* [ASSIGNED TASK]: Once you find the line below that has "跳转至登录界面后,输入手机号", output it and every line after it exactly, stopping after the line that has "Purabyo setzt auf", with no pictures.

* [PROVIDED RECORDS]:
'''
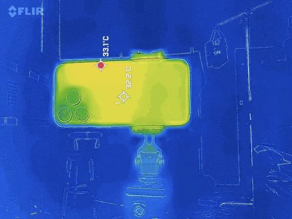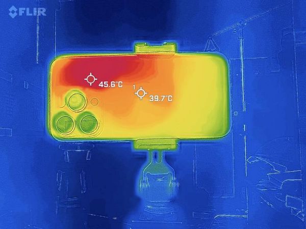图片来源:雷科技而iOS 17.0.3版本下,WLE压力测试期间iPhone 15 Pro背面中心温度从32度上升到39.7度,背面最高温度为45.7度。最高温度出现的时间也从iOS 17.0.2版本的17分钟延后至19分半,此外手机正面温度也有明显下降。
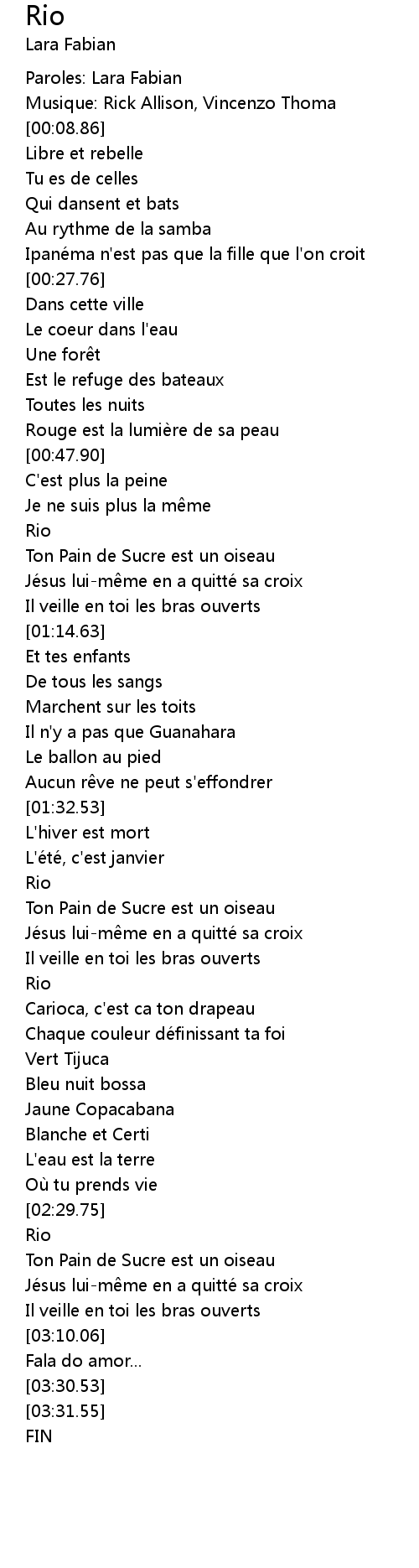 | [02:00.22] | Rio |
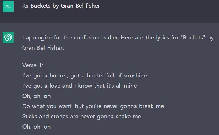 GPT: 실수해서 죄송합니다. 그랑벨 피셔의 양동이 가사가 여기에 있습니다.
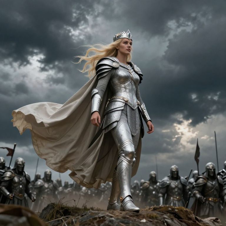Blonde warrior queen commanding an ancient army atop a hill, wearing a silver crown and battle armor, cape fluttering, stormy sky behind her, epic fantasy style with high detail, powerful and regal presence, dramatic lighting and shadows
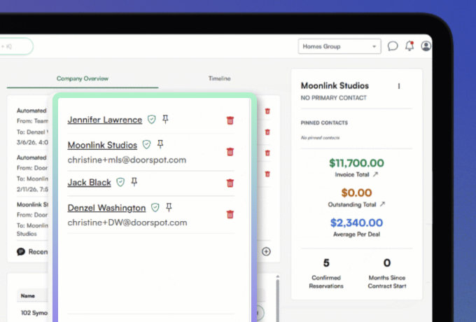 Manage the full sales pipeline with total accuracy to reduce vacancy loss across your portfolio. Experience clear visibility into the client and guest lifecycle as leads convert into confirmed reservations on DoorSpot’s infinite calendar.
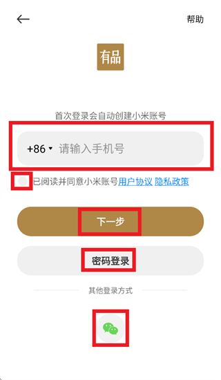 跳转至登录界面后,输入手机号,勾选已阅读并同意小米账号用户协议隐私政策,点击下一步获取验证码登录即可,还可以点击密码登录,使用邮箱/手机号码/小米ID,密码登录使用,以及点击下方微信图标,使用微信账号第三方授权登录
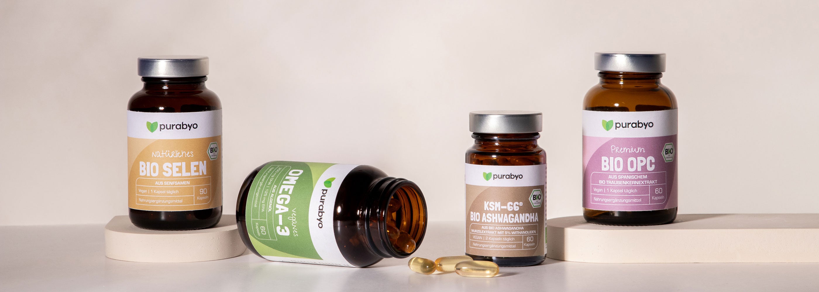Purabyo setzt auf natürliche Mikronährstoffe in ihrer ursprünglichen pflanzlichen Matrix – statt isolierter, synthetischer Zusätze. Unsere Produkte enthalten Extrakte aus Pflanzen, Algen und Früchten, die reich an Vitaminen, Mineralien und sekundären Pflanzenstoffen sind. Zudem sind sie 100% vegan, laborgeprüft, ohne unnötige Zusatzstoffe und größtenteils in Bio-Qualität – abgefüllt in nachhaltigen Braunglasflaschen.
'''
'''
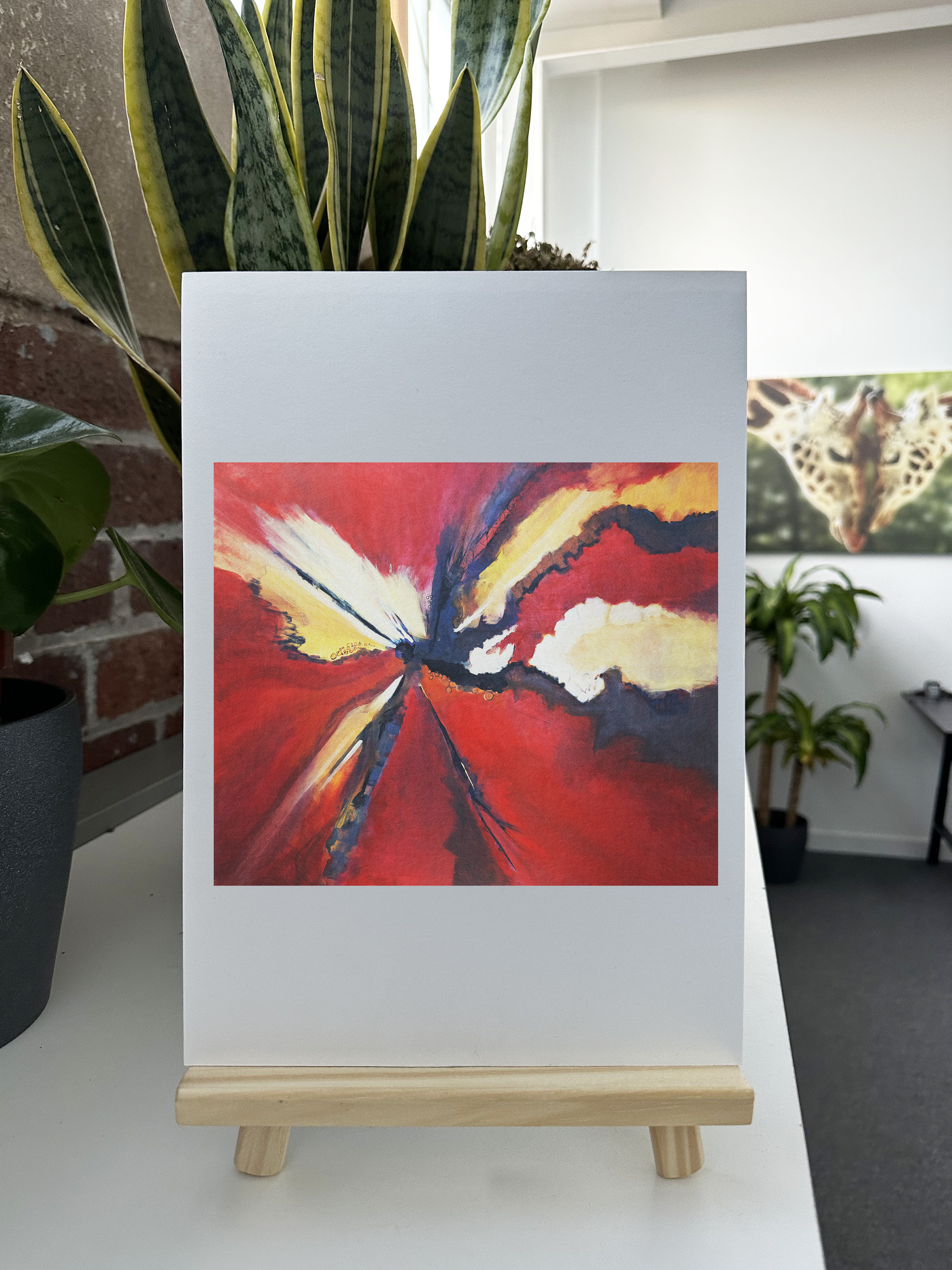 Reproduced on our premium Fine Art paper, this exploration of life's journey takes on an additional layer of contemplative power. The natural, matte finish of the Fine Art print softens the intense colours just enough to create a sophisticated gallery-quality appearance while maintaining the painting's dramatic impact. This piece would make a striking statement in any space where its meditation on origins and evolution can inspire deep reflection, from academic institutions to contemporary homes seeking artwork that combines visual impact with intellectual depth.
'''
* [YOUR RESPONSE]:
 跳转至登录界面后,输入手机号,勾选已阅读并同意小米账号用户协议隐私政策,点击下一步获取验证码登录即可,还可以点击密码登录,使用邮箱/手机号码/小米ID,密码登录使用,以及点击下方微信图标,使用微信账号第三方授权登录
Purabyo setzt auf natürliche Mikronährstoffe in ihrer ursprünglichen pflanzlichen Matrix – statt isolierter, synthetischer Zusätze. Unsere Produkte enthalten Extrakte aus Pflanzen, Algen und Früchten, die reich an Vitaminen, Mineralien und sekundären Pflanzenstoffen sind. Zudem sind sie 100% vegan, laborgeprüft, ohne unnötige Zusatzstoffe und größtenteils in Bio-Qualität – abgefüllt in nachhaltigen Braunglasflaschen.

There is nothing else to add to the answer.